White House

NY Freshman Dem Urges Party Not to Include Mueller Evidence in Impeachment Articles

Max Rose (D., N.Y.) is seen in this Max Rose for Congress campaign photo provided from Staten Island, N.Y., on November 7, 2018. (Max Rose for Congress/Handout via Reuters)

Representative Max Rose (D., N.Y.) pushed back Friday on efforts to include evidence from the Mueller Report in articles of impeachment against President Trump, saying that he “was very serious” when previously warning against impeaching Trump based on Mueller’s evidence.

“I was against going through with the impeachment previous to this Ukraine matter,” Rose told CNN. “So with the understanding that I’m not going to entertain any hypotheticals, I was very serious when I came out and said that.”

Earlier this week, Rose said he would wait to see the articles before deciding if he’d vote to impeach. House Democrats have been debating whether or not to include the Mueller Report in articles of impeachment, with progressives pushing for its potential inclusion.

“To me, you could make a case for bringing in some of the Mueller report because this is a pattern,” Pramila Jayapal (D., Wash.) told CNN. “What we’re seeing in Ukraine is the same pattern as what we saw with the Mueller report. And so, if it’s the same pattern, it might make sense.”

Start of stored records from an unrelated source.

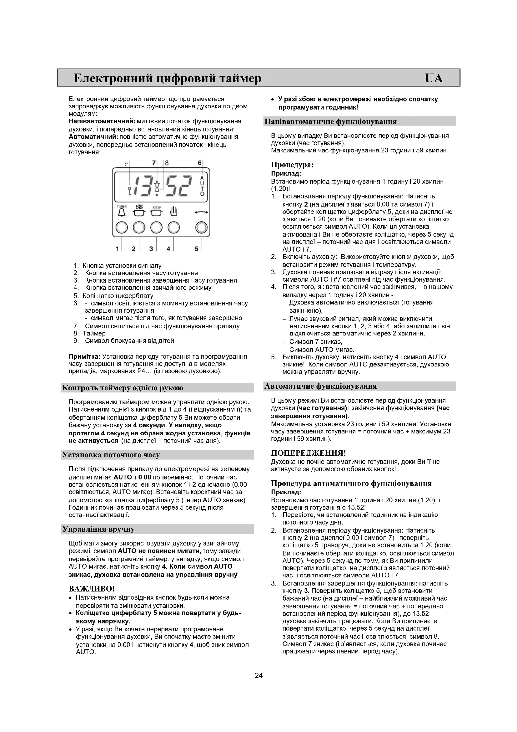 - У разі збою в електромережі необхідно спочатку програмувати годинник! Напівавтоматичне функціонування В цьому випадку Ви встановлюєте період функціонування духовки (час готування). Максимальний час функціонування 23 години і 59 хвилин!
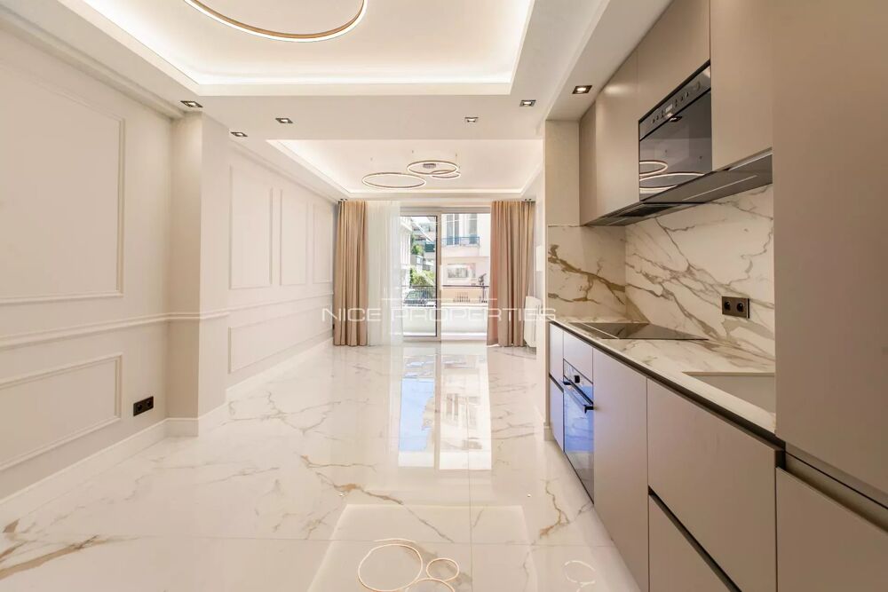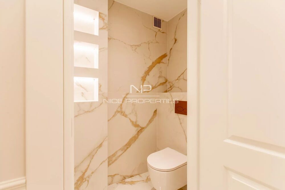 NICE CENTRE / CARRÉ D'OR : Situé dans la zone piétonne, à quelques minutes de la mer et de toutes les commodités, dans un immeuble de grand standing, sublime 3 pièces de 75 m² traversant Sud / Nord, entièrement rénové avec des matériaux haut de gamme et climatisé.
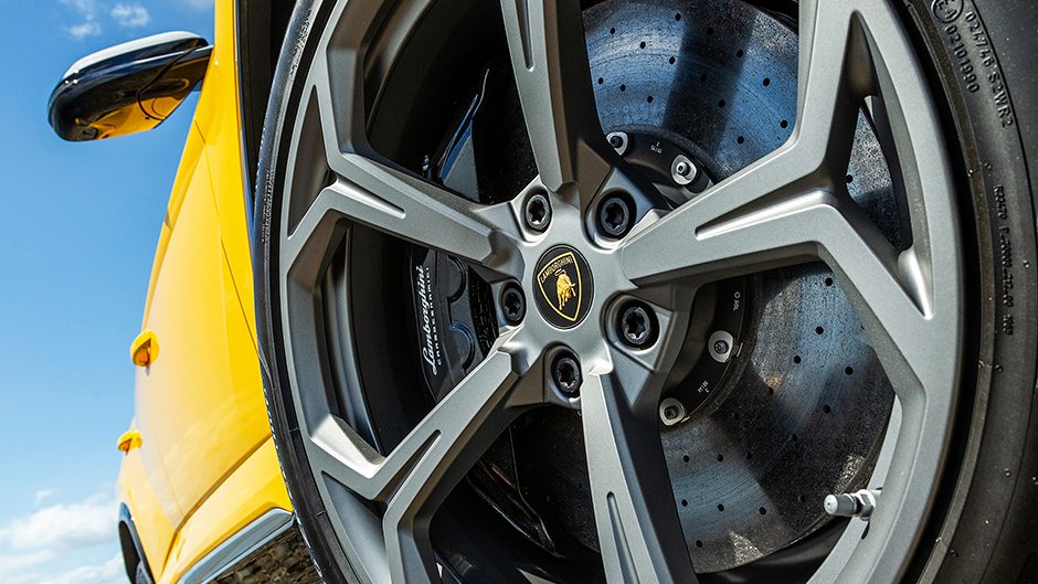There’s plenty of Pirelli rubber on guard too. While there is a lot of size and mass hurtling down the road, Urus never feels clumsy, only locked down and stable. There’s not a hint of understeer in fast bends, just steadfast stability, the rear wheel steering and diff doing their bits. Never have we kept the gas pinned confidently in a Lamborghini over roughed up sections of road where dips and depressions might threaten the integrity of a low-lying undertray.
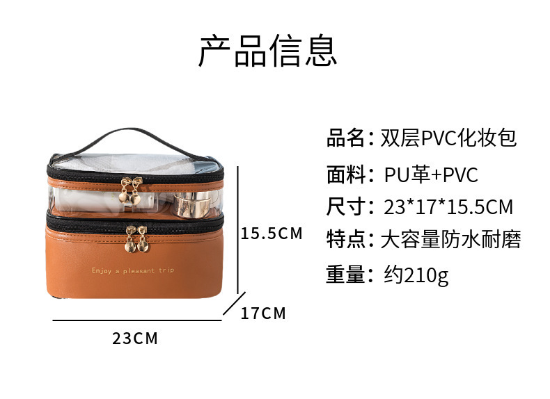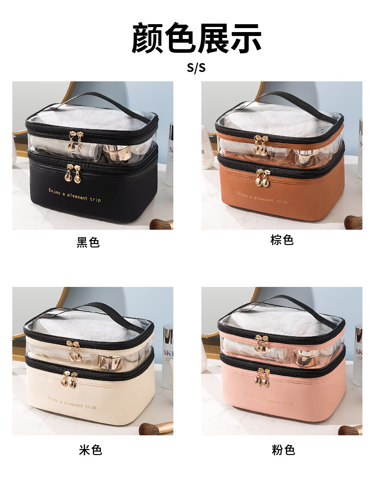 二重化粧バッグレディース大容量ポータブル水泳バッグシンプルな透明新作純色pu洗面収納バッグ

House Speaker Nancy Pelosi refused to rule out including Mueller evidence in the impeachment articles if House Judiciary Chairman Jerry Nadler recommended that course, saying during a town hall Thursday night that “we’re operating collectively” in coming up with articles.

Rose refused to budge Friday, reiterating that the instances of obstruction of justice detailed in the Mueller report do not warrant impeachment.

“This is the second most consequential thing I could do as a member of Congress, second only to declaring war,” Rose said. “. . . Unlike most of the people in this institution, I’m not going to just say something and forget about it.”

Rose, a freshman Democrat from Staten Island and a Republican target in the 2020 elections, wrote an op-ed in September against impeaching Trump, only to later reverse his stance and state that he intended “to fully support this impeachment inquiry” following the release of the whistleblower complaint based on the July 25 call between President Trump and Ukrainian President Volodymyr Zelensky.

Trump won Rose’s district in 2016, snagging over 54 percent of the vote. In his winning 2018 campaign, Rose focused mostly on local issues and promised to work with Republicans, even meeting with Trump during the month-long partial government shutdown that stretched into late January of this year.

“I have opposed a rush to judgment to date because the American people deserve to know that when this country is in crisis, we’re going to react responsibly and deliberately,” Rose said in October. “If the president is right and he has nothing to hide, then all we ask today is that he proves it.”

Reached for comment, Rose’s office told National Review that Rose “wasn’t referencing anyone or anything in particular” with his “people in this institution” barb. Rose did not respond when asked if he would vote for impeachment without Republican support.

On Thursday night, Pelosi confirmed she would have no regrets in impeaching Trump without Republican support, after saying in March that “unless there’s something so compelling and overwhelming and bipartisan, I don’t think we should go down that path, because it divides the country.”

“This isn’t about politics at all. This is about patriotism. It’s not about partisanship. It’s about honoring our oath of office,” Pelosi told Jake Tapper.